A verbatim copy of all the data is required; the pictures should not appear in it.

### Source data

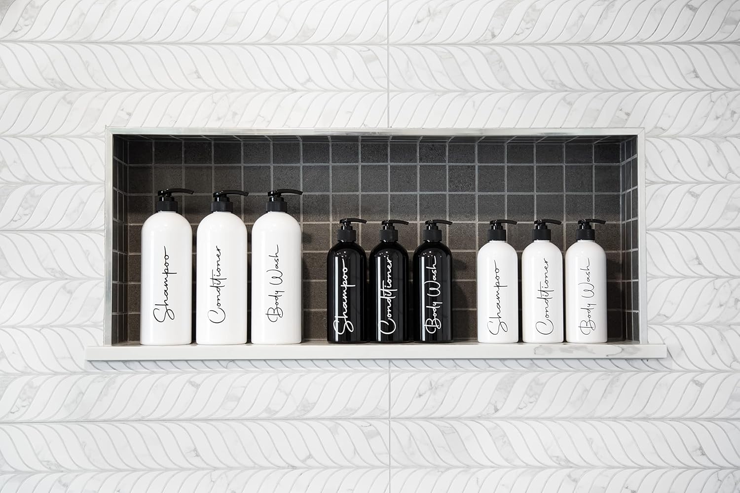- LUXURIOUS HIGH-END STYLE APPEAL - A luxurious high-end look offsets your bathroom beautifully with elegant black script on a clean white background. Gorgeous silkscreened labels are permanent and peel-proof. Go from cramped and cluttered to soothing and spa-like.
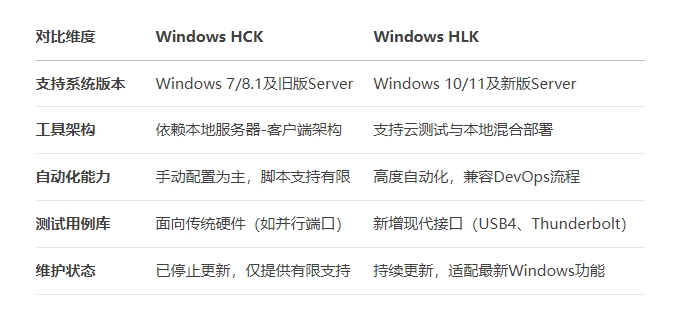 HCK环境搭建复杂,且微软已不再提供技术更新。HLK支持未来系统升级,更适合长期迭代的产品。
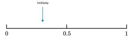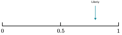 Mark on the scale below, the probability that Caitlin takes a card with the letter E.

######

#### [Task solution]
- LUXURIOUS HIGH-END STYLE APPEAL - A luxurious high-end look offsets your bathroom beautifully with elegant black script on a clean white background. Gorgeous silkscreened labels are permanent and peel-proof. Go from cramped and cluttered to soothing and spa-like.
 HCK环境搭建复杂,且微软已不再提供技术更新。HLK支持未来系统升级,更适合长期迭代的产品。
 Mark on the scale below, the probability that Caitlin takes a card with the letter E.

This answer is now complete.